Mi pare inoltre che il testo contenga un’idea di bambino con un ideal-tipo molto vicino a quelle che sono le attese genitoriali di questa epoca di surmodernità: un bambino naturaliter creativo, vivo, curioso, che va posto in “ambienti ecologicamente protetti e progettati”, con professionisti capaci di progettare e riflettere.

L’ideal tipo è quella perfezione che pervade i desiderata familiari, in cui se c’è un problemino, si va dal dottore e si fa una certificazione. I bambini che leggo tra le righe di questo testo sono “progettati” per essere da adulti intelligenti, liberi, ma anche sociali, una specie di bravi boy scout per la società del futuro.  Tutto questo mentre negli adulti attuali si desiderano figli perfetti, fatti in pochi numeri e da genitori vecchi, pieni di attese di soddisfare il loro ego genitoriale con un rapporto individualistico di “idolatria” del figlio perfetto. La crescita invece è anche per natura meravigliosamente “imperfetta”, e anzi sulla nostra umana imperfezione e caducità cresciamo facendo i conti col mondo.

I rischi scolasticistici

A proposito di asilo-nido e sistema 0-3 vedo difficoltà nel citare il termine “curricolo” come percorso almeno guidato di una pratica educativa che accomuni tutti gli asili nido. E meno male che se ne sente un po’ il rischio, ma per me sarebbe stato opportuno accentuare le contraddizioni del termine. Il fatto è che sottostante a questo modello sento un eccesso di attenzione a far fare ai bambini troppo presto troppe cose. È la malattia del presente educativo e mi pare che il testo non lo contrasti a sufficienza. Troppe sirene della surmodernità sembrano chiedere invece una sorta di precocismo: dai neuroni-specchio che sarebbero più specchianti più sono piccoli i bambini (da qui l’inglese persino nei reparti di ostetricia), alla vasta pluralità delle esperienze da proporre che dovremmo bilanciare bene con la noia, il gioco informale, l’accettare i limiti come natura. Sento dunque lo stesso rischio che ha vissuto in questi anni la scuola dell’infanzia per esaltare la continuità: troppe cose adultistiche e poca infanzia.

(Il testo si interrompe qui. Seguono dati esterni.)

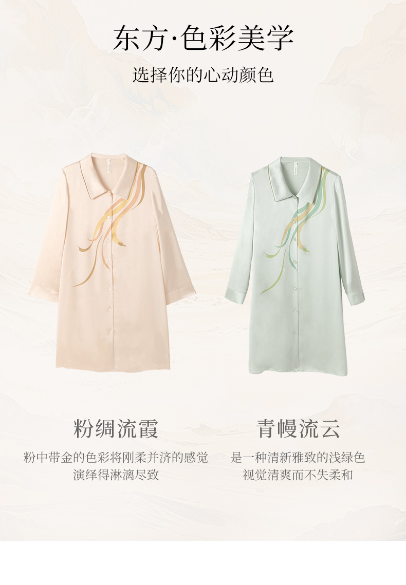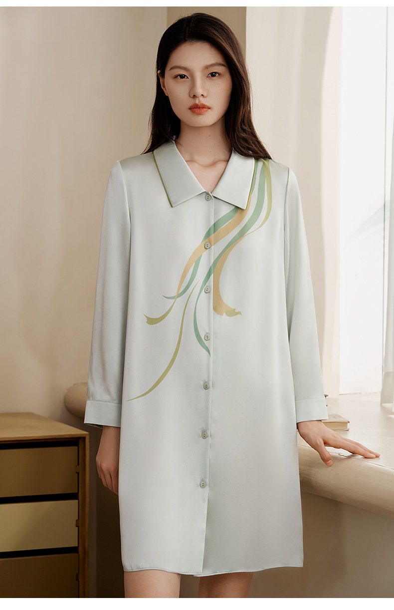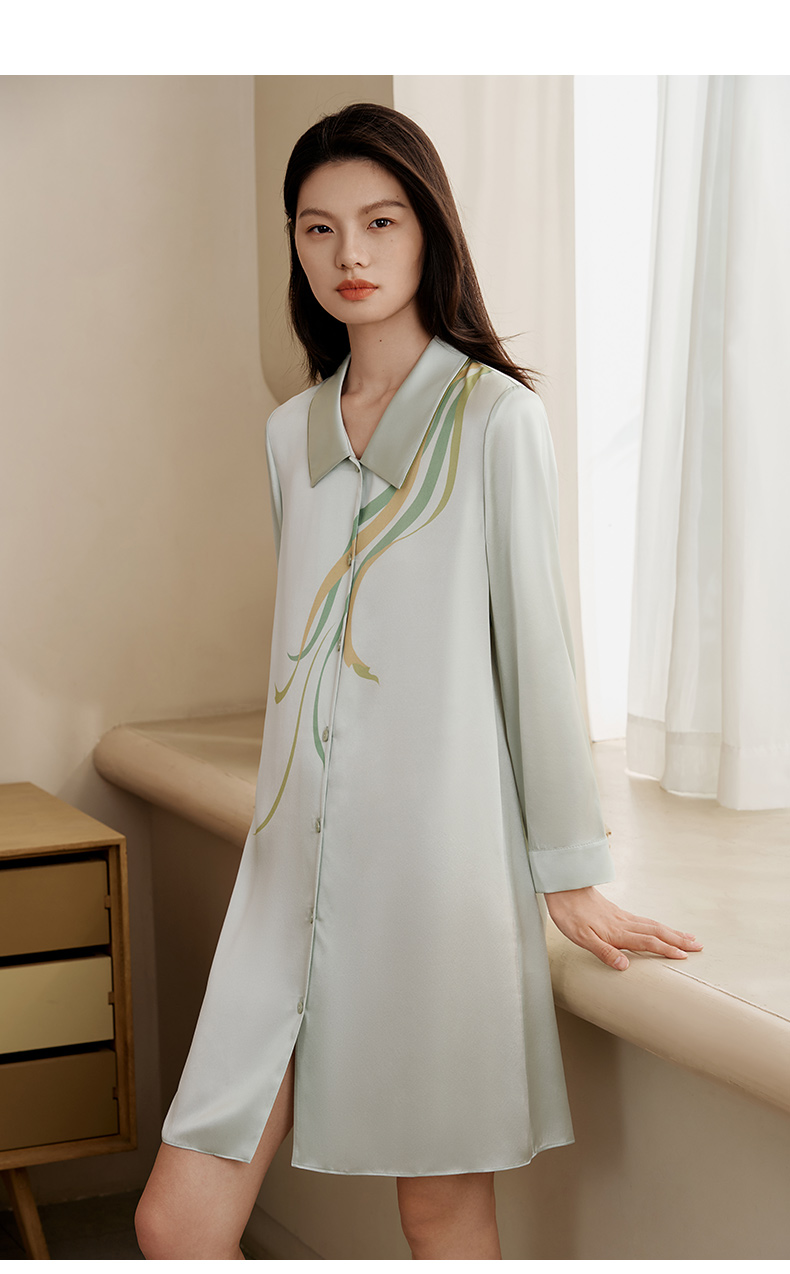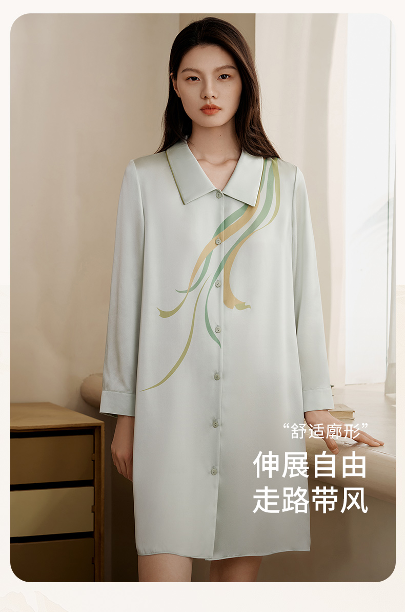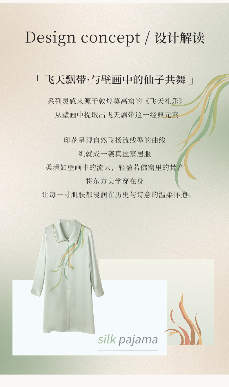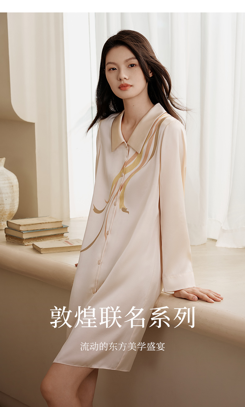 金三塔敦煌联名重磅真丝睡裙女100%桑蚕丝印花宽松睡衣家居服新品 YSFFC301

Il documento dovrebbe aiutare di più su questo delicatissimo dilemma.

Naturalmente pongo questi temi nella brevità di un testo online. Meriterebbe più discussione e più spazio. Ma vorrei almeno un po’ squarciare il velo di retorica buonista di tutti i documenti che finora ho letto, accettando invece la complessità del presente come sfida dura e dolorosa, cui non bastano l’ecologia dei curricoli corretti né spazi colorati e vivaci simili a un supermarket.

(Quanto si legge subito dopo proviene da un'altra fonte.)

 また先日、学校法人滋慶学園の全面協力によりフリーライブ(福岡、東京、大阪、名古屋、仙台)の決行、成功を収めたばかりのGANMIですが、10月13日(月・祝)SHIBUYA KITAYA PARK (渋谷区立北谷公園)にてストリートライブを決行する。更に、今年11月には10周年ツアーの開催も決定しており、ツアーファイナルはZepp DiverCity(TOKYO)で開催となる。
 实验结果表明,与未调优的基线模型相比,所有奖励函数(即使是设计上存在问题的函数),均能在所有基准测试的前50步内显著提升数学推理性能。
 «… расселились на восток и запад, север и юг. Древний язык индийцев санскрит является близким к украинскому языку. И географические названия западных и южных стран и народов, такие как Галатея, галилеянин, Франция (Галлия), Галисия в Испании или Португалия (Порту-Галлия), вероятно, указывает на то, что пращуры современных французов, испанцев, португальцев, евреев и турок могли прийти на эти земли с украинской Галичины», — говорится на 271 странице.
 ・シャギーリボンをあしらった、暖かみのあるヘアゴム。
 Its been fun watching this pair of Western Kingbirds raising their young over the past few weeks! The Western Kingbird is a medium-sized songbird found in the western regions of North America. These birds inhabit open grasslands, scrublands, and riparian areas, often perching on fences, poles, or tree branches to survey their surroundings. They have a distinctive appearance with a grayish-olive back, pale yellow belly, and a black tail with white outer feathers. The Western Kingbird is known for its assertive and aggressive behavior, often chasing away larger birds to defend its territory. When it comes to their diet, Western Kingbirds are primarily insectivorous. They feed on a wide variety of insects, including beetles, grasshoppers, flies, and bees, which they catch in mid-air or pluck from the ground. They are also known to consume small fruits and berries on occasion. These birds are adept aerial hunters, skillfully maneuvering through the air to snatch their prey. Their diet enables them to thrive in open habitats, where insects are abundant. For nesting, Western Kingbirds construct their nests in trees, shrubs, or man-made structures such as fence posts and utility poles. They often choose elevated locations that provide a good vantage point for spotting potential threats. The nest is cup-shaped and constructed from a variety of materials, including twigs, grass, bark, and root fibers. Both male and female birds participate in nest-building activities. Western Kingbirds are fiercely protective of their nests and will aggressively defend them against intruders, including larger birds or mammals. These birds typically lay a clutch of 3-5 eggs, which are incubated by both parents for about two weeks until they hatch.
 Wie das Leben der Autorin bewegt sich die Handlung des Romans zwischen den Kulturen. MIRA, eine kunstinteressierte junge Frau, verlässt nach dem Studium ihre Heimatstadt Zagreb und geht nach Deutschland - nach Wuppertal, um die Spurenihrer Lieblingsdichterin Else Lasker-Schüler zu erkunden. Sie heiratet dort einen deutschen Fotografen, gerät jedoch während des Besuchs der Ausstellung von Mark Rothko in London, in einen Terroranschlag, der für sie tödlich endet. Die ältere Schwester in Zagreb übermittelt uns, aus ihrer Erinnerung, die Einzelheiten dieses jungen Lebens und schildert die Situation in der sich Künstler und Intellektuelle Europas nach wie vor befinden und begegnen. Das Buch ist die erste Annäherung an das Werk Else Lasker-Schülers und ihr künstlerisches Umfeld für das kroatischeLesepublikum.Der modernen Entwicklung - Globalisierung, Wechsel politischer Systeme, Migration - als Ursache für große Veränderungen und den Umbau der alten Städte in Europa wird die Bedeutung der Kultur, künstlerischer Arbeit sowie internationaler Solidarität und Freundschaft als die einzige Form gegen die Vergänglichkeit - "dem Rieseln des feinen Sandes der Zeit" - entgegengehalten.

Quindi: più consapevolezza della sfida culturale e sociale che non tocca solo gli ambiti educativi e familiari, ma l’intera società umana, sempre più composta da vecchi egoisti e sempre meno da bambini chiassosi e felicemente disordinati, per cui nessun adulto potrà mai prevedere una pappa educativa perfetta, se non un felicemente precario e sempre più riflessivo percorso comune di sviluppo tra adulti e bambini.